• WHAT TO PRODUCE
Would you print out all of the data exactly and keep the pictures out of it?

** GIVEN DATA follows **

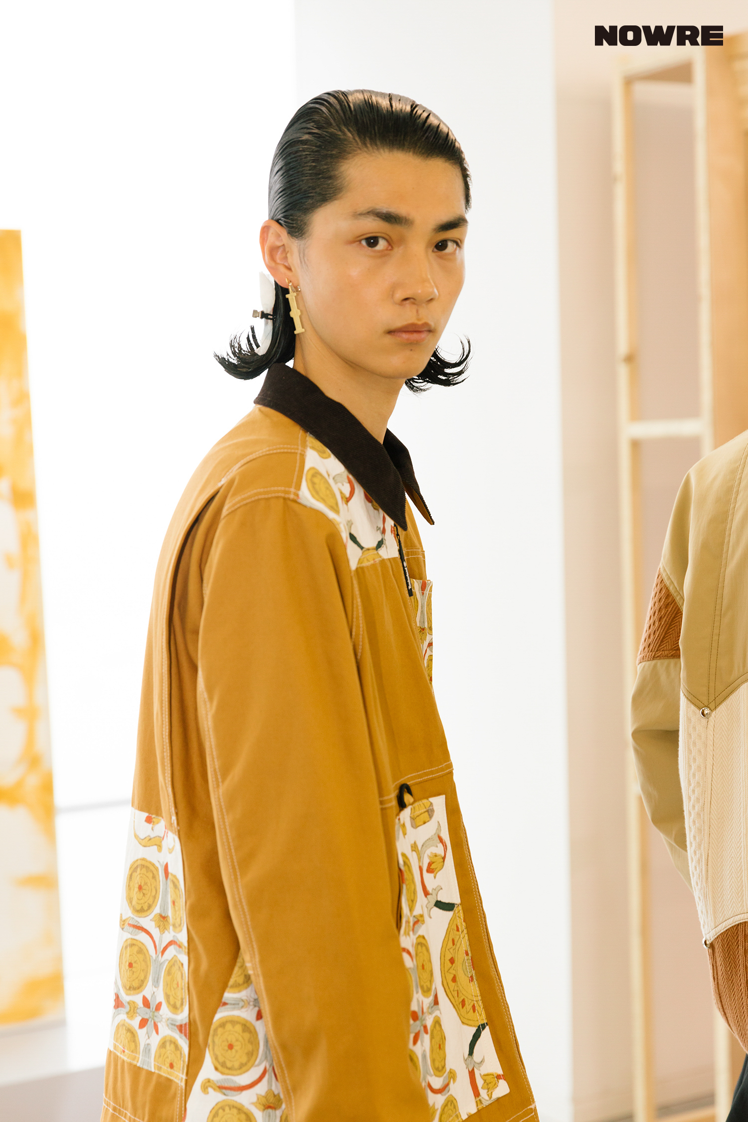 走进 GARÇON BY GARÇON 的秀场后台,我们看到了真实发生的场景与更加多面的视觉呈现。就好像本季以自然万物之源的太阳为题,在服饰系列里形象表达着太阳光芒的放射状态,着色上既有炽热的大地色泽,有蔓延至火苗燃烧的红、亦有大地映出的蓝与绿,而在多样的呈现中,我们所看见的,一如设计师 Dayun Tang 所言,是那位脆弱又坚强的「戛赫松少年」。
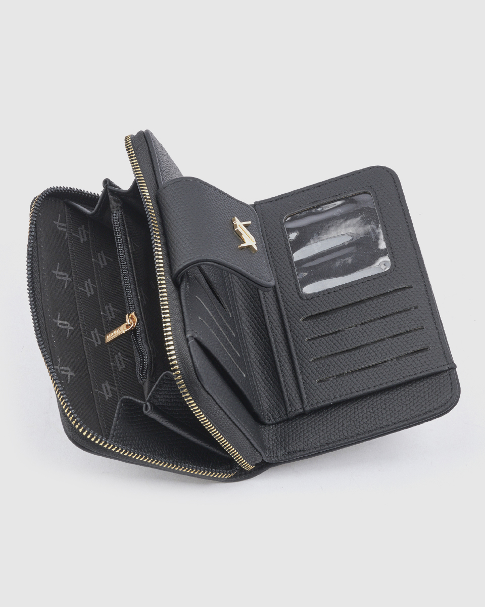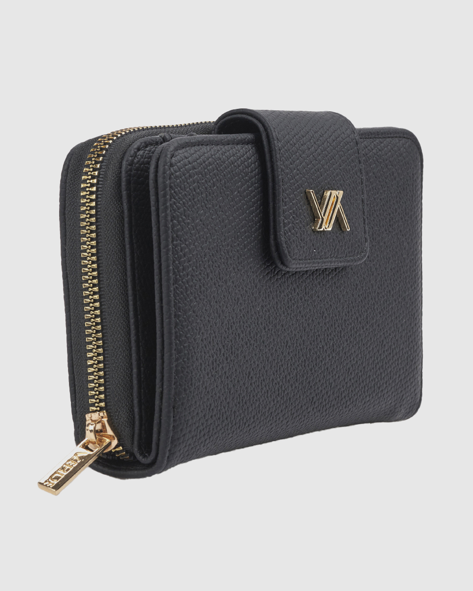 Ανακαλύψτε το γυναικείο πορτοφόλι Verde μαύρο με κομψή υφή και λειτουργική διάταξη. Διαστάσεις: 16,5 εκ. x 9,5 εκ. x 3 εκ.
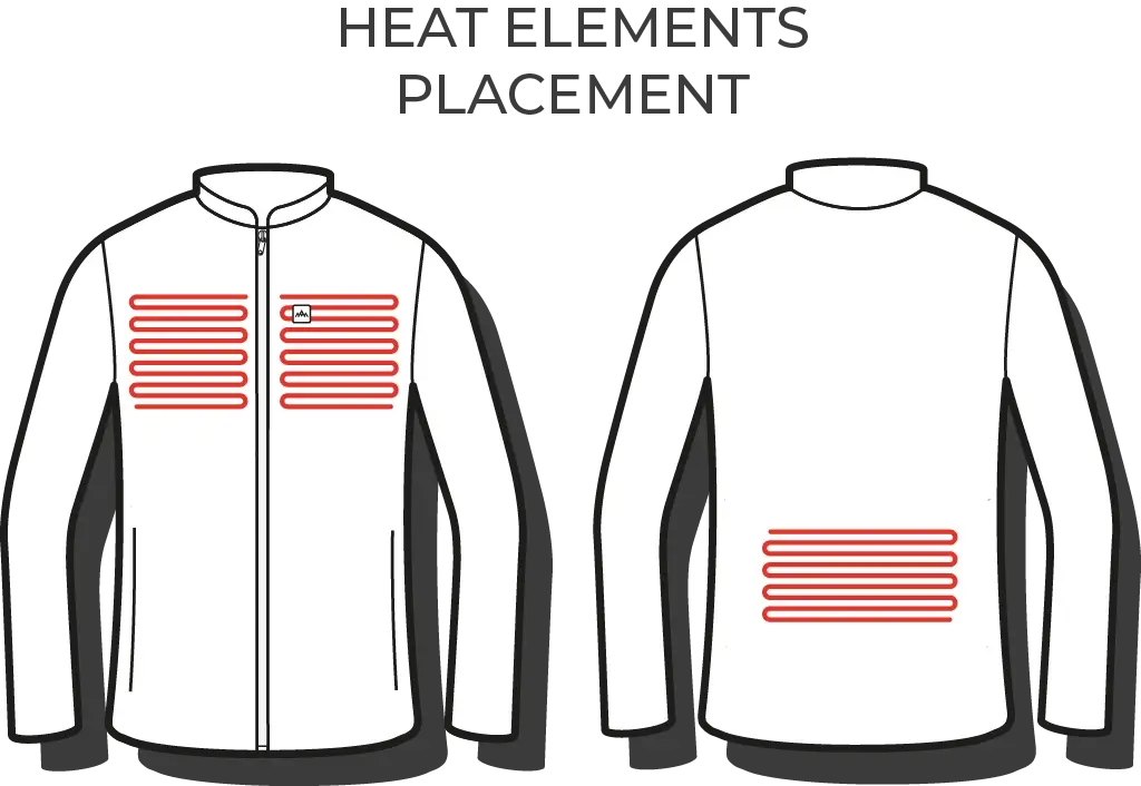 Verwarmingspanelen zijn strategisch geplaatst op de borst en rug en worden bediend met één knop op de borst. Hierdoor heb je snel toegang tot warmte en kun je de temperatuur eenvoudig aanpassen aan het weer, je activiteit en je persoonlijke behoeften.

** End of GIVEN DATA **

• RESULT BELOW
 走进 GARÇON BY GARÇON 的秀场后台,我们看到了真实发生的场景与更加多面的视觉呈现。就好像本季以自然万物之源的太阳为题,在服饰系列里形象表达着太阳光芒的放射状态,着色上既有炽热的大地色泽,有蔓延至火苗燃烧的红、亦有大地映出的蓝与绿,而在多样的呈现中,我们所看见的,一如设计师 Dayun Tang 所言,是那位脆弱又坚强的「戛赫松少年」。
 Ανακαλύψτε το γυναικείο πορτοφόλι Verde μαύρο με κομψή υφή και λειτουργική διάταξη. Διαστάσεις: 16,5 εκ. x 9,5 εκ. x 3 εκ.
 Verwarmingspanelen zijn strategisch geplaatst op de borst en rug en worden bediend met één knop op de borst. Hierdoor heb je snel toegang tot warmte en kun je de temperatuur eenvoudig aanpassen aan het weer, je activiteit en je persoonlijke behoeften.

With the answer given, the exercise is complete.